Published in final edited form as: Cancer Causes Control. 2008 Aug 15;20(1):27–34. doi: 10.1007/s10552-008-9213-y

Oral Contraceptives and the Risk of All Cancers Combined and Site-Specific Cancers in Shanghai

Karin A Rosenblatt 1, Dao L Gao 2, Roberta M Ray 3, Zakia C Nelson 3, Karen J Wernli 3,4, Wenjin Li 3, David B Thomas 3,4
PMCID: PMC2628413  NIHMSID: NIHMS60690  PMID: 18704712

Abstract

From 1998 to 1991, an in-person baseline interview was administered to approximately 267,400 female textile workers in Shanghai, China.. The cohort was followed until July, 2000 for incident cancer cases. Incidence rate ratios (RR) for 12 types of cancer in users of oral contraceptives (OCs) were calculated using Cox Proportional Hazards analysis. There was a reduced risk of uterine corpus cancer for women who had ever used OCs (RR=0.68, 95% CI=0.45–1.04) and a trend of decreasing risk with increasing duration of use (p=0.015). There was an increased risk of colon cancer in women who had used OCs for 10 years or more (RR=1.56, 95% CI=1.01–2.40) and an increased risk of rectal cancer in women who had ever used OCs (RR=1.31, 95% CI=0.98–1.75), with a trend of increasing risk with increasing duration of use (p=0.017), but these associations may have been due to uncontrolled confounding by physical activity or other non-causal factors. No associations were observed between OCs and the risk of all cancers combined or for any of the 9 other cancers. It is unlikely that the use of OCs has contributed to the temporal trends in cancer incidence in China in recent decades.

Keywords: neoplasms, oral contraceptives, cohort studies, China

Introduction

Combined oral contraceptives (OCs) have been associated with a reduced risk of ovarian and endometrial cancers, an increased risk of cervical cancer and liver cancers, and an increased risk of breast cancer among recent users [1].

Pill No. 1, the main OC used in China, consisted of 0.625 mg. of norethisterone and 0.035 mg. ethinyl estrdiol until 1974 and 0.3 mg. norethisterone and 0.03 mg. ethinyl estradiol after 1974 [2]. Few women used other formulations, providing the opportunity to investigate the possible influence of a single product (albeit in two doses) on the risk of cancer. Virtually all prior studies have been of multiple formulations, and their possible associations with various neoplasms were only assessed in the aggregate.

Most prior studies of OCs and cancer have been conducted in developed countries with relatively high rates of many of the cancers of interest, including those of the breast, ovary, and endometrium. The relatively few studies in developing countries, with different patterns of cancer occurrence than in western countries, have been case-control studies [3]. The cohort design, which we used in our study and which is less subject to potential reporting biases than case-control studies, has rarely been used in developing countries, and to our knowledge has not previously been used to investigate the relationship between oral contraceptives and cancer in China.

The purpose of this study was to assess the possible relationship between use of OCs and the risk of all cancers combined, and the risk of twelve site-specific cancers, in a cohort of approximately 267,400 Chinese women.

Methods

Study Design

The methods used in this study have been described previously [4]. Between October 1989 and October 1991, approximately 267,400 current and retired employees of the Shanghai Textile Industry Bureau (STIB), who were born between 1925 and 1958, and who worked in one of 519 factories of the STIB, were enrolled in a randomized trial of breast self-examination (BSE) [5]. After receiving training from study workers, approximately 500 factory clinic medical workers orally administered a four-page optically-scanned questionnaire to all eligible women to ascertain information on menstrual and reproductive history, use of alcohol and tobacco, and contraceptive use. The questions on oral contraceptives ascertained whether they were used (current and previous use) and the duration of use (less than 1 year, at least 1 year but less than 2 years, at least 2 years but less than 5 years, at least 5 years but less than 10 years, at least 10 years but less than 15 years, or 15 years or more), and type of oral contraceptive used (Pill No. 1, other, or both).

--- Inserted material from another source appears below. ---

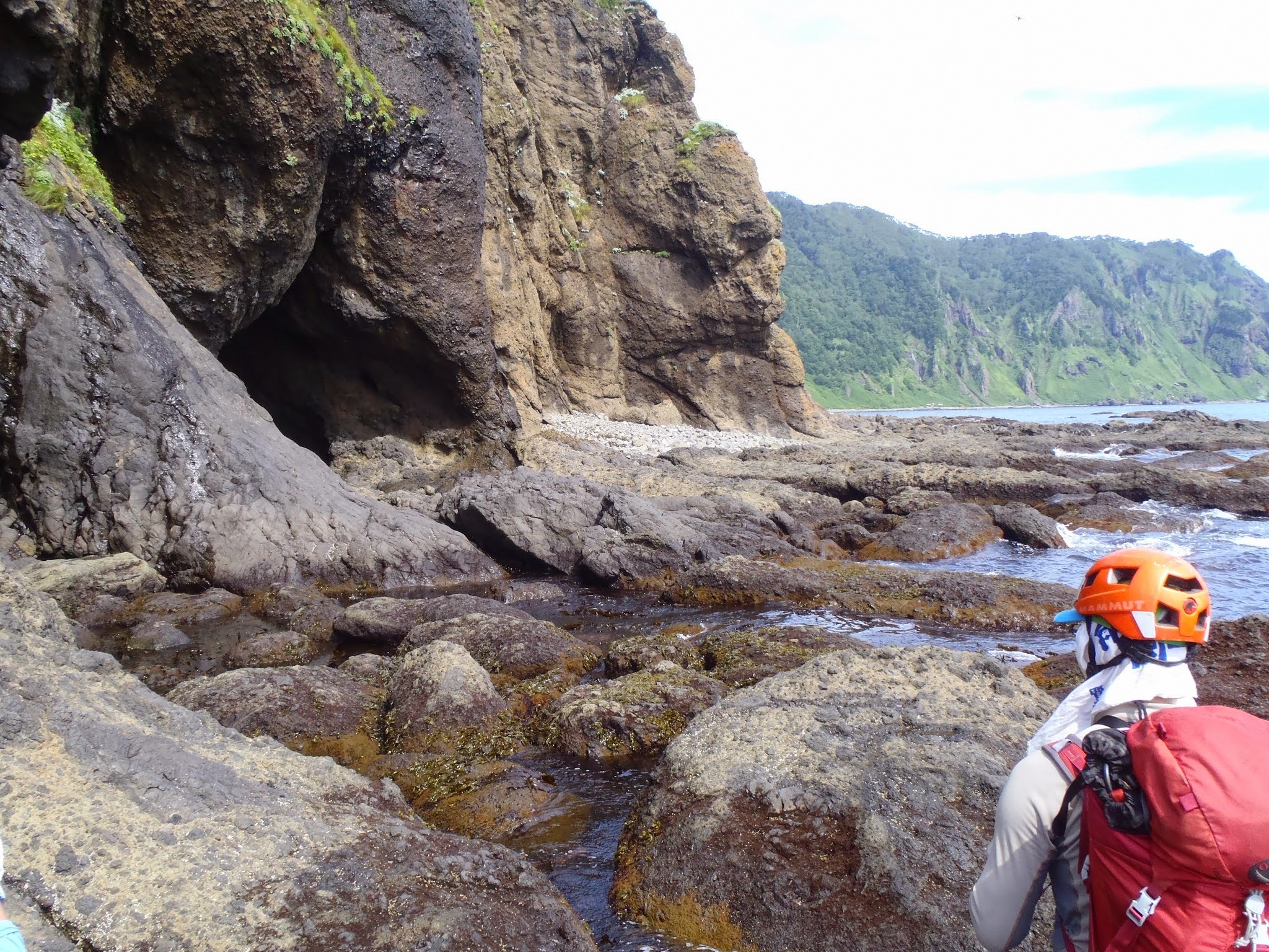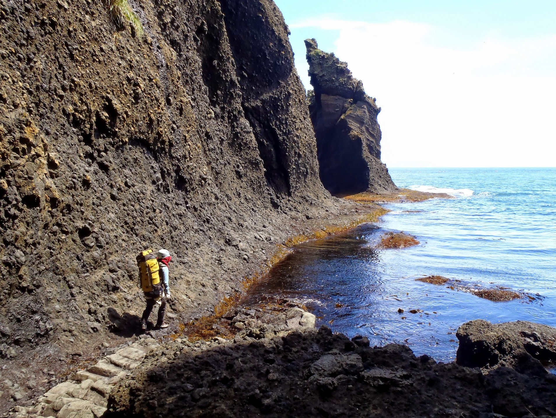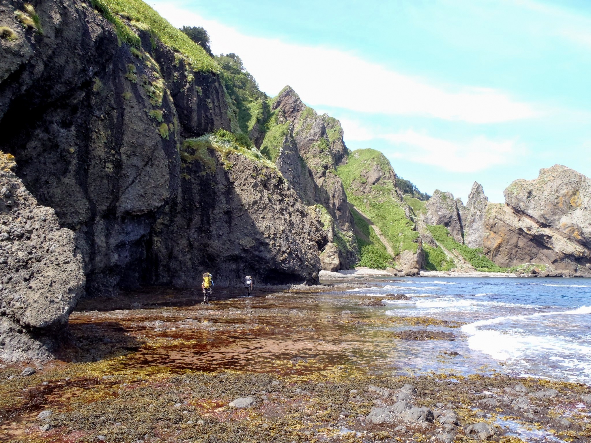 波は思っていたより静かで問題なしだったが、近藤ヶ淵の高巻きラインが薮で消えており予定外の大高巻きで懸垂2ピッチを交えて海岸線へ戻る。

Comparisons between the baseline questionnaire (administered between 1989 and 1991) and a more detailed questionnaire subsequently administered to women enrolled in a case-control study of breast cancer nested in the cohort (data collection stopped in 1999) [6] showed a 97.5% agreement for ever/never having been pregnant, and, among women who had ever been pregnant, a 99.8% agreement of ever/never having a live birth. The data on oral contraceptives showed a 90.1% agreement for ever/never use (unpublished data, not shown).

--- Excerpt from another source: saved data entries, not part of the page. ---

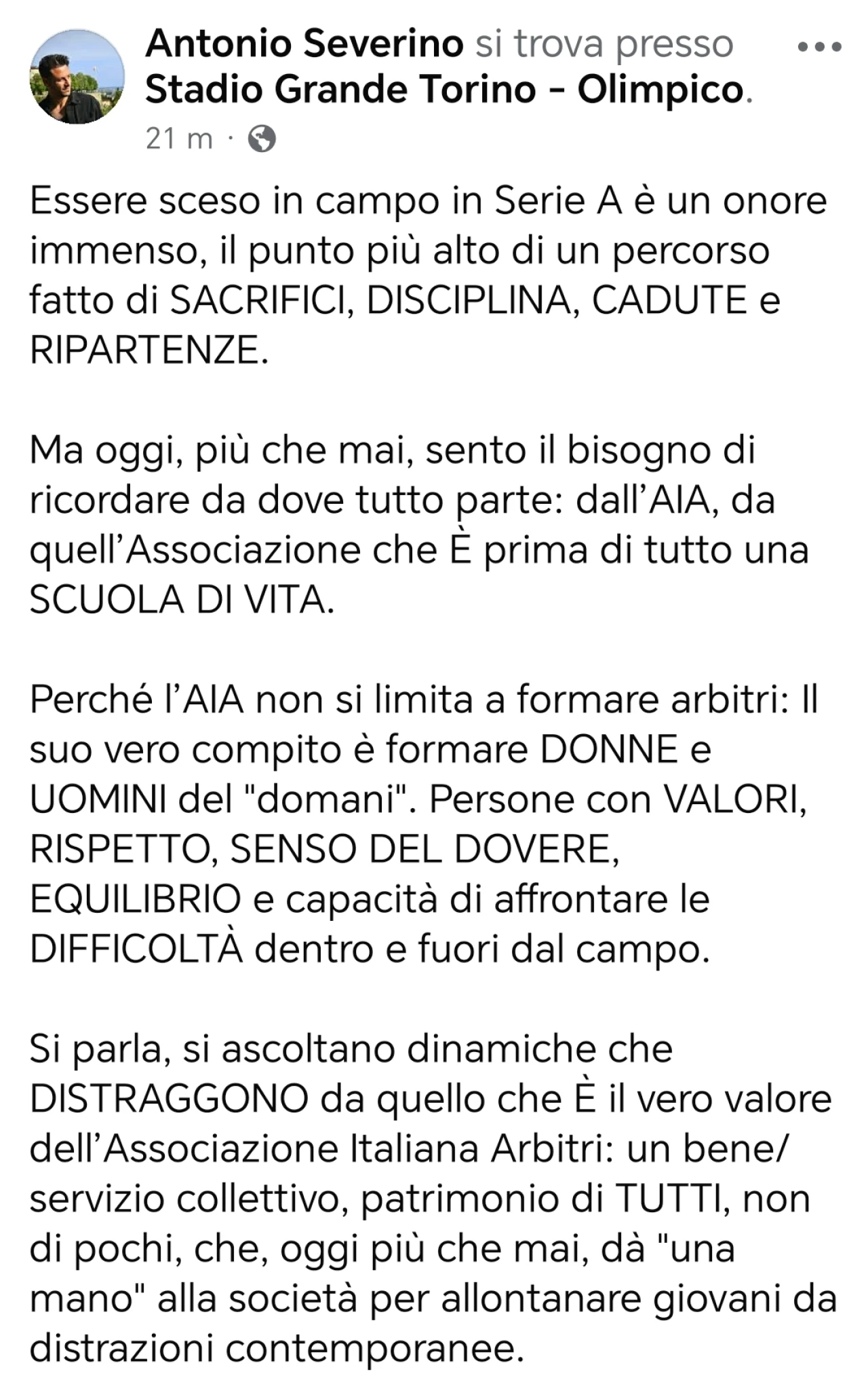 La visione di Severino è netta: se si smarrisce il patrimonio valoriale, si perde l'identità stessa della categoria. Non possono esistere grandi arbitri se mancano, alla base, persone con una struttura morale solida. Indossare la divisa significa dunque rappresentare un’idea di crescita che precede il ruolo tecnico. È un appello alla difesa dell’essenza dell’Associazione, che deve tornare a investire sulla costruzione dell'individuo come priorità assoluta. Quella di Severino non è solo una riflessione, ma una vera e propria missione dichiarata: proteggere a ogni costo questa funzione pedagogica dell'AIA, la stessa che lo ha plasmato come uomo e alla quale dichiara di dover tutto ciò che è diventato oggi. Un ringraziamento pubblico che sa di impegno civile per il futuro delle prossime generazioni di direttori di gara.
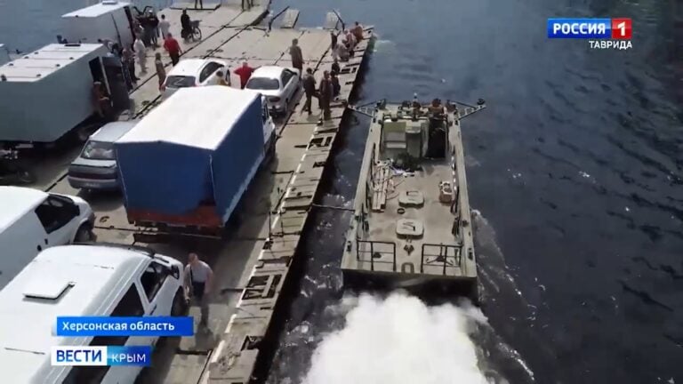 Venäjän valtiontelevision ykköskanavalla näytettiin, miten liikennöinti Dnepr-joen yli Hersoniin on järjestetty, kun ukrainalaisten HIMARS-raketeilla käyttökelvottomaksi pommittamaa Antonivkan siltaa ei käytetä.
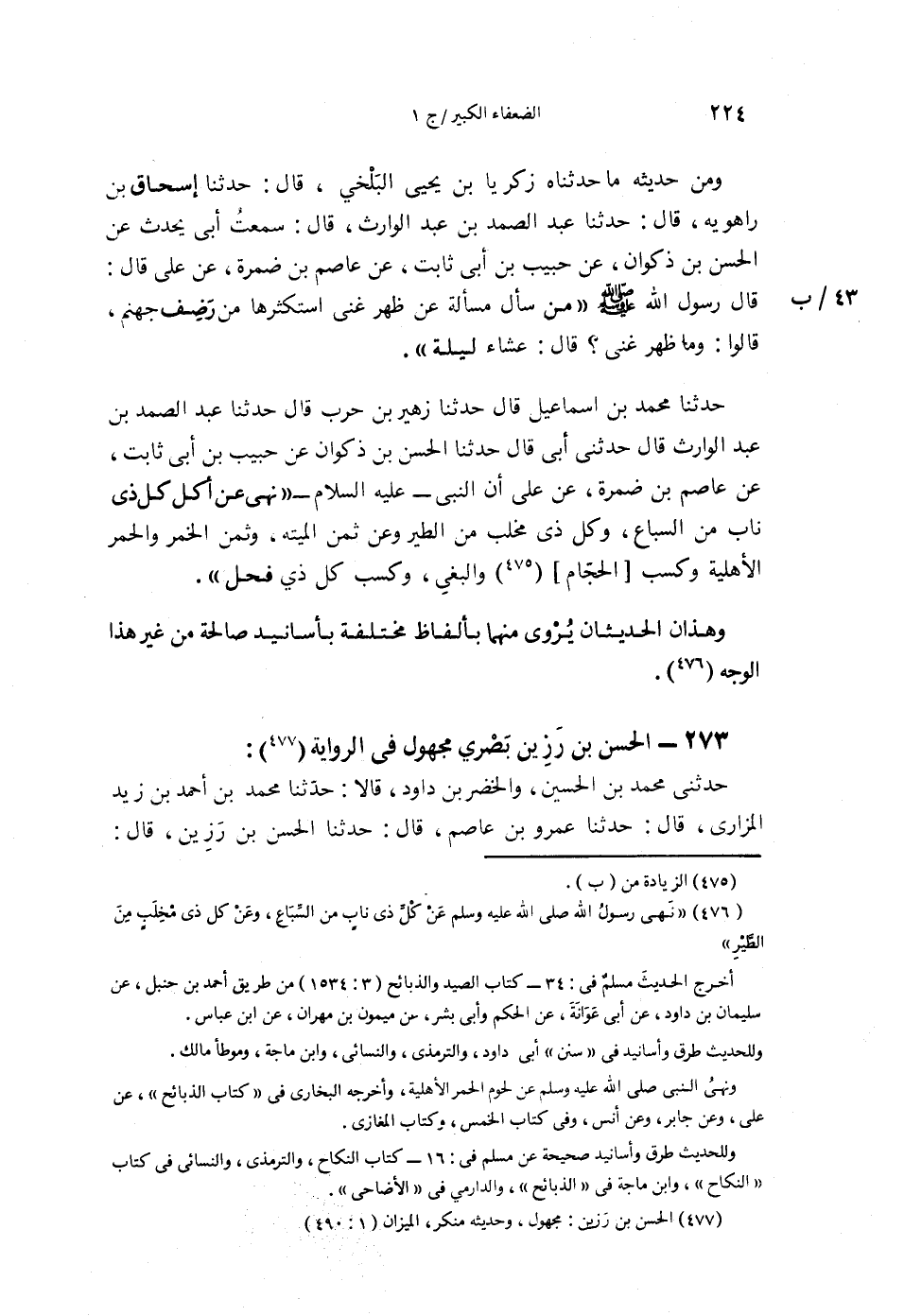 §273 - الْحَسَنُ بْنُ رَزِينٍ بَصْرِيٌّ مَجْهُولٌ فِي الرِّوَايَةِ مَجْهُولٌ بِالنَّقْلِ وَحَدِيثُهُ غَيْرُ مَحْفُوظٍ

Women in the cohort initially consulted medical workers in their factory when they became ill and were referred to one of several hospitals associated with the textile industry if cancer was suspected. Surveillance for breast cancer was accomplished as part of the BSE trial through active reporting by the medical workers in each factory. For other cancers, case finding was through a Tumor and Death Registry operated by the STIB, which received annual reports from each factory, of all cases of cancer and deaths that had occurred in the cohort members during the previous year. This information was supplemented by periodic reviews of the records of the Shanghai Cancer Registry, which meets the standards for inclusion of data in Cancer Incidence in Five Continents [7].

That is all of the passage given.